In my opinion the text of the report was shortened, leaving out essential details and intermediate steps they did. This caused many misinterpretations of the report.
I invite you to redo the thermal calculations on the data of the report and you will see that everything lines up very nicely, even the broad band emissivities you can calulate back from the report have the right values.
Also if you look at figure 7 of the report, you will also see that they where quite able to set the proper emissivity on the Optris to get the right temperature reading.
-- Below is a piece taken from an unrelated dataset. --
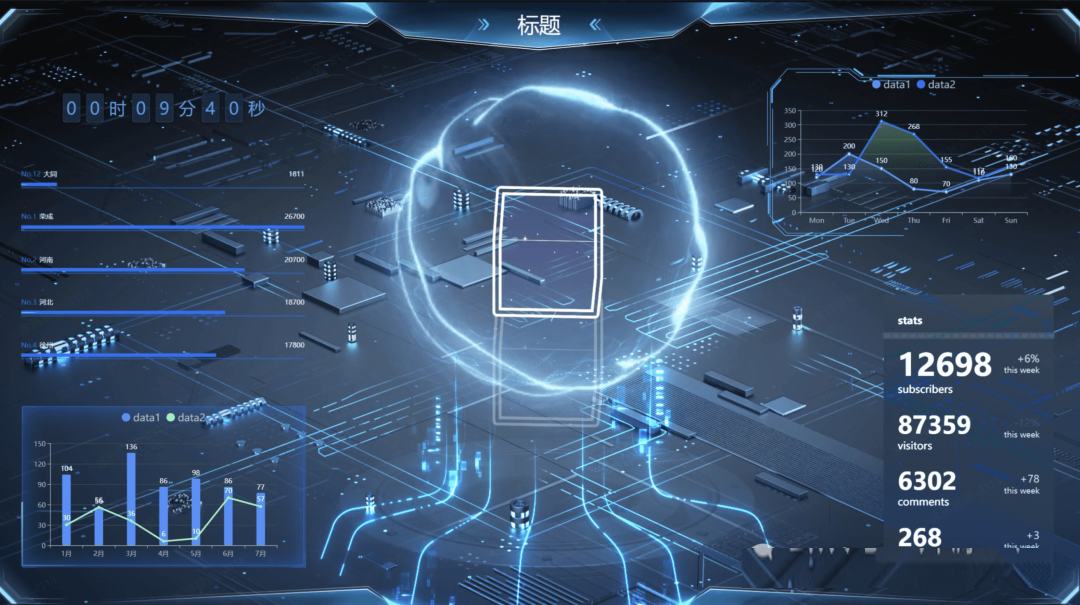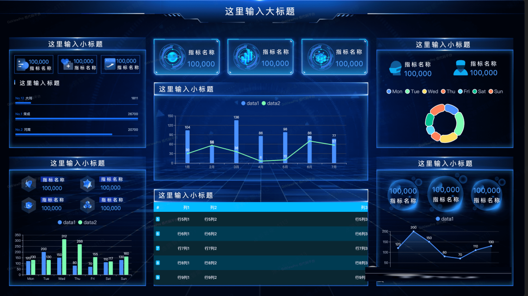 用户只需要进行简单拖拽,无需写任何代码,即可完成可视化大屏开发设计。 - 内置产品模版库

If they knew how to set up the Optris properly, they would have done that also for the high temperatures and not changed their method totally.
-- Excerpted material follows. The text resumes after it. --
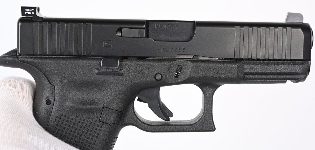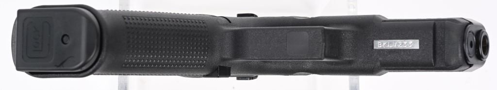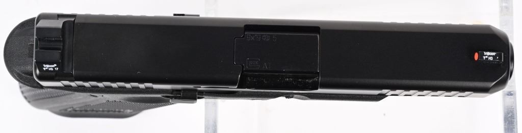 SERIAL NUMBER: BKLV233. BARREL 4". CALIBER: 9X19. MANUFACTURED: 2020'S. Made in Austria. Standard markings and features. Trijicon sights. Black nitride slide and black polymer frame. Includes 3 factory 17 round magazines, grip straps, loader, lock, manual, papers and serial matching hard case. CONDITION: Excellent overall with little signs of use. Bore is shiny and crisp. Mags and case are excellent. MODERN

I hope the MFMP Lugano thermal assessement take 2 will hopefully shed more light on the issue. (Andrea S once calculated that the COP value of the MFMP take 1 measurement had a COP much larger then 1. which indicates a possible measurement error during MFMP take 1)
LDM you have a way of twisting conclusions.
I appreciated your checking my numbers on the Ferrara report aka TPR1, but you ended up cherry picking a case favorable for Rossi & co and didn't check further (or chose not to comment further).
Again on the MFMP replica of the Lugano dogbone, what I did is check whether the calorimetry based on temperature measurements used by Levi and co worked. The result was: yes, if the temperature is right the MFMP dummy is computed to have a COP below and within 10% of 1.
Of course if the temperature is instead wildly overestimated by using the wrong emissivity (total emissivity in lieu of IR band emissivity, incidentally quite high for Alumina) the apparent COP (of a dummy!) will skyrocket.
How can this suggest a mistake by MFMP, who cross checked thermocouples and pyrometer readings to set the emissivity, rather than a mistake by Levi, who relied on a theoretical (and theoretically flawed) uncalibrated emissivity setting?